## WHAT IS EXPECTED:
Extract each line of the material that follows exactly and omit its pictures.

## DATA BELOW:

□ □ □ □

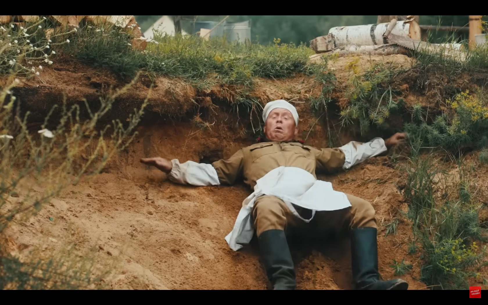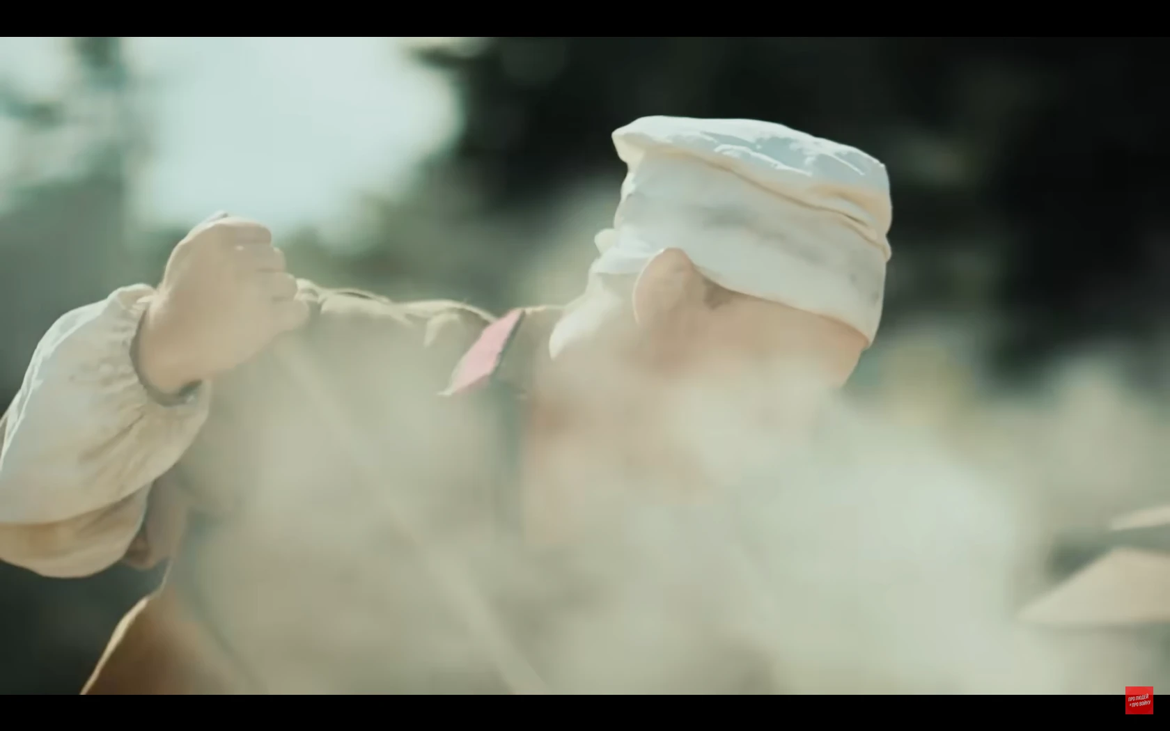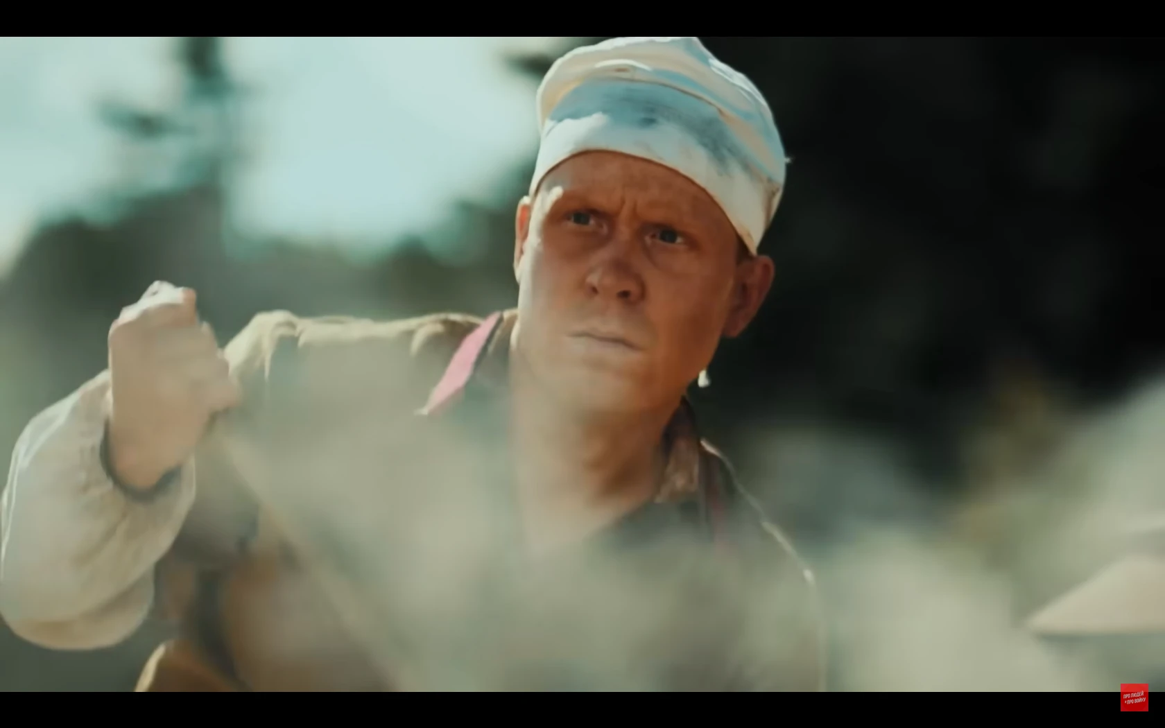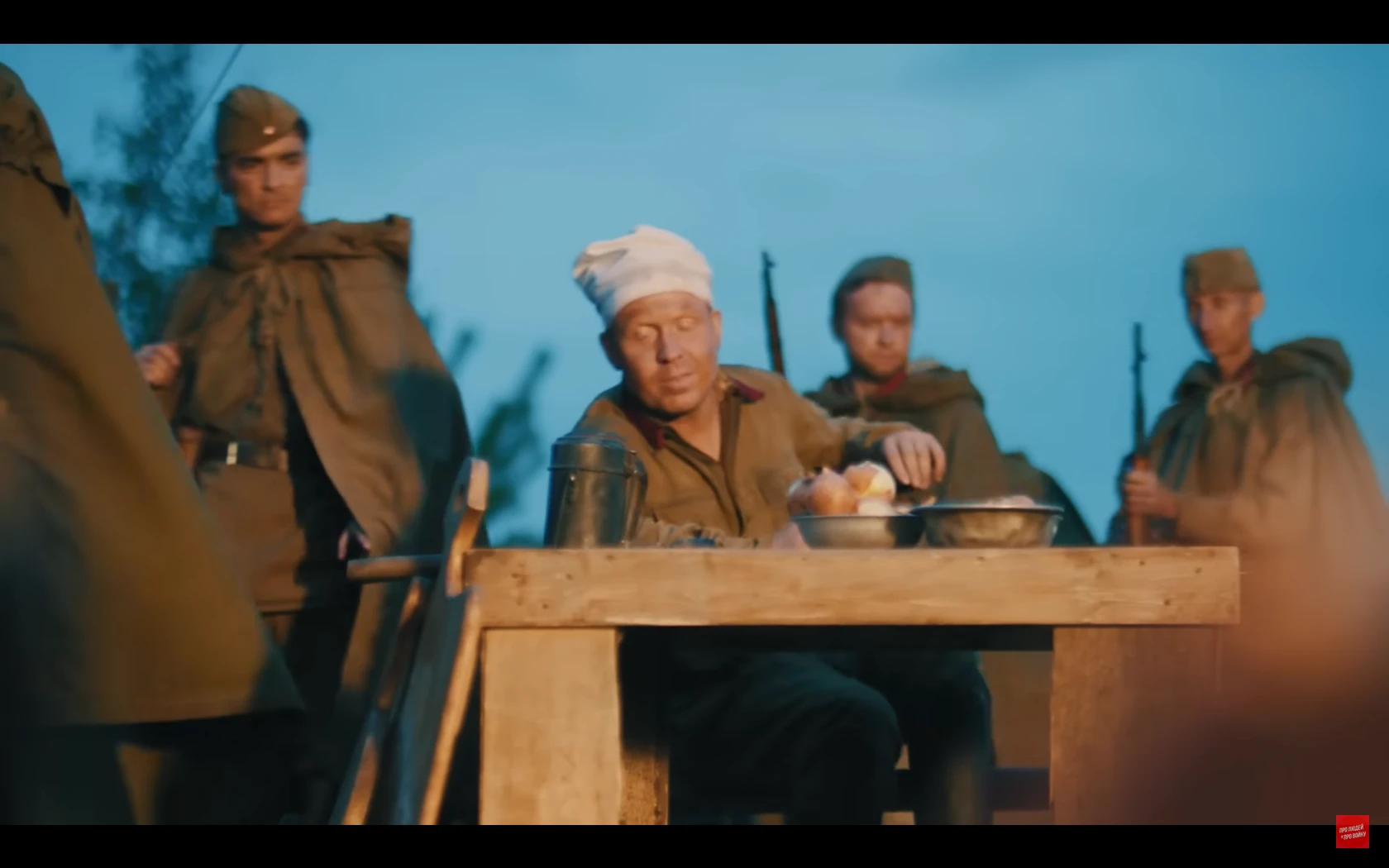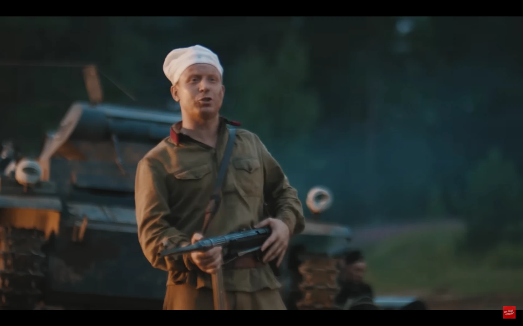 많이 스킵됐는데 저 취사병이 앞치마로 조종수 관측장 덮어서 시야 차단해버리는 바람에 전차가 천막 뒤집어씀전차장도 천막때매 시야 확보 안되고 취사병이 마치 다른 병사들 여럿 있는것처럼 사람이름 부르고 소리치고 쿵쾅대고 건초 태워서 맵게 하고 하니까 전차병들이 지레 겁먹고 항복한 거
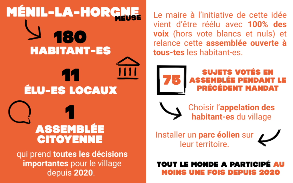 180 habitants de la Meuse ont choisi de “tout décider ensemble”. Depuis 2020, le maire Claude Kaiser, fraîchement réélu en mars, a mis en place une assemblée citoyenne permanente et ouverte à tous-tes. Une fois tombé-es d’accord, c’est alors le petit conseil municipal (11 sièges) qui entérine la décision. “On est enfin obligé de se parler” livre un habitant à Fakir (dont le reportage a lui-même été voté par l’assemblée).
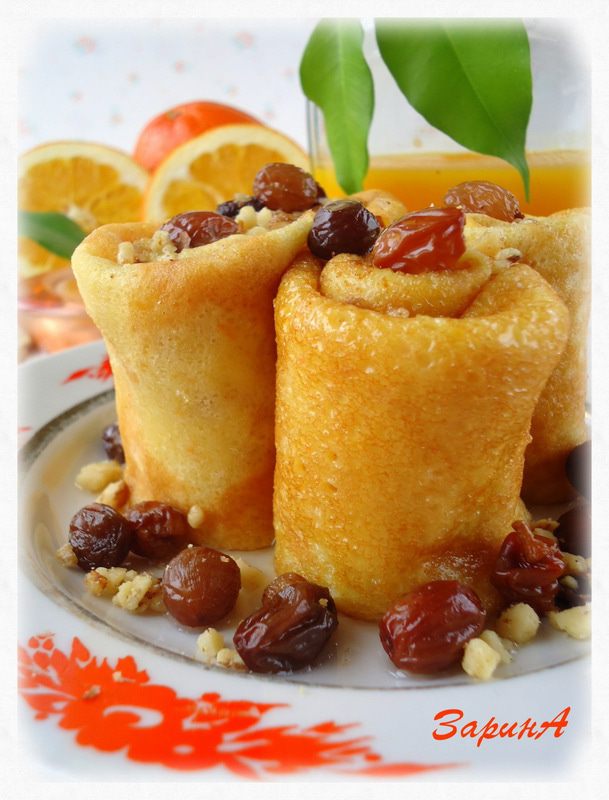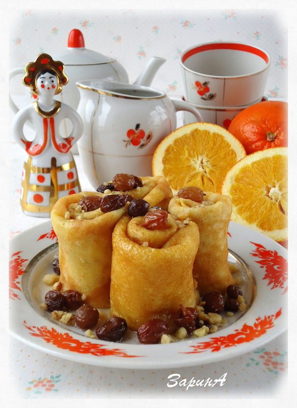 Блинчики скрутить в рулоны, поставив на тарелку полить их сиропом с орехами и изюмом.

□ □ □ □

## OUTPUT FOR THIS EXERCISE:
 많이 스킵됐는데 저 취사병이 앞치마로 조종수 관측장 덮어서 시야 차단해버리는 바람에 전차가 천막 뒤집어씀전차장도 천막때매 시야 확보 안되고 취사병이 마치 다른 병사들 여럿 있는것처럼 사람이름 부르고 소리치고 쿵쾅대고 건초 태워서 맵게 하고 하니까 전차병들이 지레 겁먹고 항복한 거
 180 habitants de la Meuse ont choisi de “tout décider ensemble”. Depuis 2020, le maire Claude Kaiser, fraîchement réélu en mars, a mis en place une assemblée citoyenne permanente et ouverte à tous-tes. Une fois tombé-es d’accord, c’est alors le petit conseil municipal (11 sièges) qui entérine la décision. “On est enfin obligé de se parler” livre un habitant à Fakir (dont le reportage a lui-même été voté par l’assemblée).
 Блинчики скрутить в рулоны, поставив на тарелку полить их сиропом с орехами и изюмом.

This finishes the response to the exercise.